Zetterberg was forced to withdraw from the Olympics in Sochi, Russia in 2014.

"I remember when my ACL blew up in 2006, I didn't speak to him directly but the training staff said how he called in and asked how things were moving along and how he called Hank (Zetterberg) after his back surgery, things like that," Niklas Kronwall said. "You don't hear other owners doing that, you don't necessarily hear people higher up in management doing that. He was a very special man for this organization and for the city of Detroit, big time."

But it wasn't just when players were injured that they heard directly from Ilitch.

"The one time I did actually was in the summertime after we had won the Cup in '07-08," Justin Abdelkader said. "I was back taking classes at Michigan State and I was traveling back to Muskegon from East Lansing, got a call from him and he just wanted to congratulate me on being a part of that Stanley Cup championship team. He said just as important was it was important for me to finish my degree. I'll never forget that. He said, 'That's something no one can every take away from you and you've come so far and put so much work into it.'"

Abdelkader said he was surprised to hear from Ilitch as he had only been with the team a few months.

"It was really special," Abdelkader said. "I think that's just the message you got from all the players that have played for him, whether it's with the Red Wings or the Tigers, how loyal he is to his players, how much he wants to win at all costs. It doesn't matter. The team he put together in 2002, one of the best teams ever assembled showed how bad he wanted to win and that was after two previous Cups. Just a special, special owner and very fortunate to play for him."

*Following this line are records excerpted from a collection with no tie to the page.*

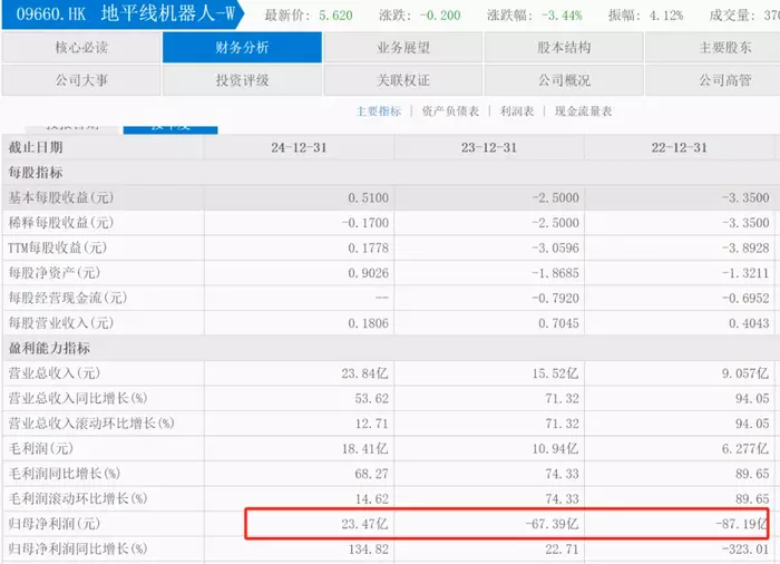 地平线在2024年业绩表现优异。全年营收23.84亿元,同比增长53.62%,营收由2022年的9.05亿元,提升了14.8亿元。在这一年地平线扭亏为盈,由2023年净亏损67.39亿元,提升至盈利23.47亿元。归母净利润同比增长134.82%。
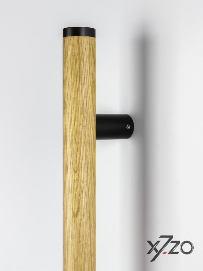 Der Türgriff aus Eichenholz ist bis zu 3-fach mit einem Schutzöl versehen, das eine lange Lebensdauer des Holzes gewährleistet. Die Halterungen und die Endbearbeitung des Türgriffs bestehen aus Aluminium, das mit einer eloxierten schwarzen Beschichtung versehen ist.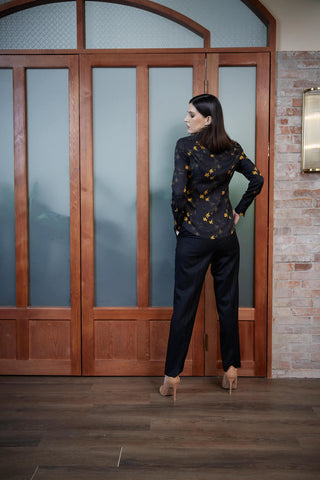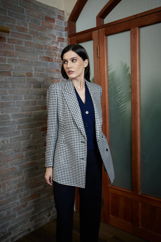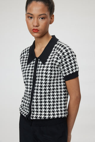 Vicenza Cardigan - Button down blouse in black and white dogtooth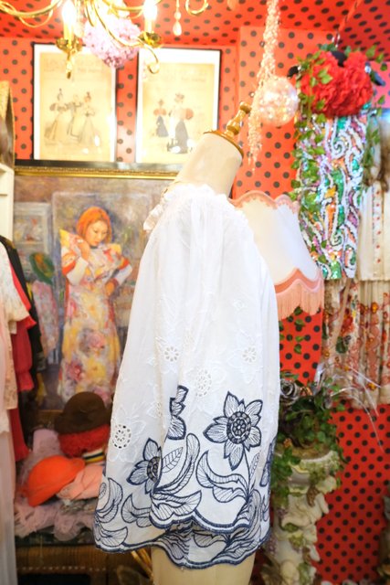 リラックスシルエットにエレガントな花柄カットワークレース×刺繍が魅力的なヨーロピアンチュニックブラウス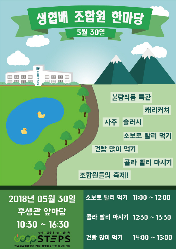 제 24대 생협 학생위원회에서는 지난 2018’년 5월 30일 수요일 후생관 앞 공터에서 “2018′ 생협 조합원 한마당”을 진행하였습니다.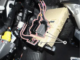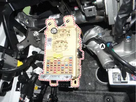 Befestigungsmuttern lösen, dann den Innenraum-Sicherungskasten (A) entfernen.

Kronwall said even though Ilitch was the owner and had so much success and had that aura, he was also a regular guy.

"All the players, obviously, knowing that he's your owner, he brings that with him, but at the same time, when you started talking to him, you felt he could be your neighbor and that's the feeling you got," Kronwall said. "It really felt like he cared about everybody and wanted to make everyone feel very welcome."

Blashill and Abdelkader are from Michigan and have seen first-hand what he accomplished in the city and state.

"There's other people that have had impact but none larger than Mr. and Mrs. Ilitch," Blashill said. "So he'll leave a legacy in this state in so many different areas. When I took the job, I felt like I was going to work for the best ownership in sports. That's certainly played out to be true. It's certainly a big loss but certainly the impact that Mr. Ilitch had on so many different areas in the state of Michigan and the city of Detroit, I can't imagine many people having a bigger impact."

Condolences have poured in from the hockey world, from Major League Baseball and from current and former players and coaches.


When the Red Wings play the Columbus Blue Jackets today at Nationwide Arena, the Blue Jackets plan a moment of silence before the game for Ilitch, as several other teams did earlier today.

"I think everybody knows the magnitude of his day and this game," Zetterberg said. "Everyone knows what he's done for us. It will be a special night tonight for everyone involved."

KRONWALL, NIELSEN READY: Blashill said both defenseman Niklas Kronwall (lower-body) and center Frans Nielsen (shoulder) are available to play against the Blue Jackets.

Both have missed the last three games.